Let N be the number of integers per server (billion), and M is the number of servers (10,000). Then complexity of sorting is NlogN, complexity of binary search is logM*logN. So total complexity is NlogN.

This is the typical sort-merge technique which is used the map-reduce paradigms - It also uses the external sorting technique.

- Sort the individual set of integers within each of the server (using standard sorting techniques) - This can happen parallely in each of the N servers.

- Once the we have sorted buckets of data in each server, the shuffle stage (or essentially the sort-merge stage), brings in data from all the N servers by doing a multi-way merge sort of these sorted buckets.

- In the final reducer (or machine or on disk) the full sorted list is available. Assume we have also calculated the length of this list during the map-reduce while doing sorting, each mapper throws the length of its individual list. The reducer then merges these individual counts and forms the total list size.

- After this we can calculate the median by the following simple rule. Lets say list size is 'X'.
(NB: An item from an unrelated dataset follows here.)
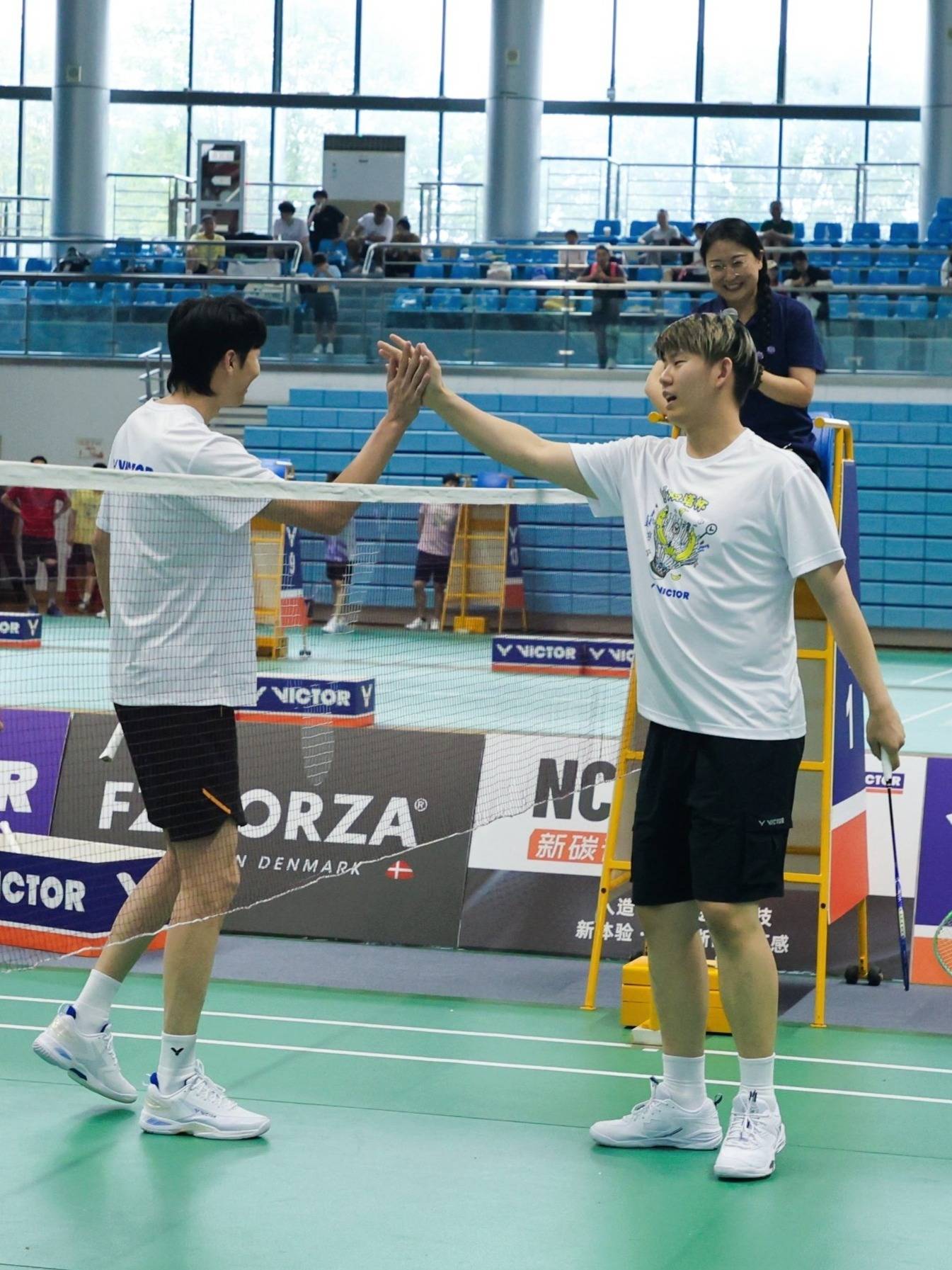 今年,郑思维和黄雅琼还现身厦门苏杯和杭州总决赛现场,从更多维度参与赛事,以新角色为家门口的羽球盛宴带去更多精彩。郑思维担任总决赛的赛事体验官,给参赛选手送上江浙名点定胜糕以及VICTOR定胜糕款甜点萌羽挂件。黄雅琼则全程参与了央视的赛事转播,专业而风趣的解说收获好评。

- If X is odd, median is list[(X+1)/2]

- If X is even, median is (list[X/2] + list[(X/2)+1])/2

Please refer to some map-reduce techniques or external sorting techniques which pretty much forms the basis of most distributed computing.

Same idea as mine. Yet we don't have to sort the integers, just the histogram of the integers.

Sabz`s suggestion is great, so I think we can first of all, use the map/reduce technology to create a histogram for each integer. So we will have something like "1:10000(count), 14:2344, 10:234, 5:898...", then we sort all the histograms by the key. After this, we just need to find out which area does the median sits.

M is 10K servers, N is 1 billion integers each server has. The complexity to find the median is O(N*M*log(M)/2) = O(N*M*log(M)). The memory usage is O(M).

1. Sort each server takes O(Nlog(N))

2. Use an array A (size M) to store the first elements from each server.

3.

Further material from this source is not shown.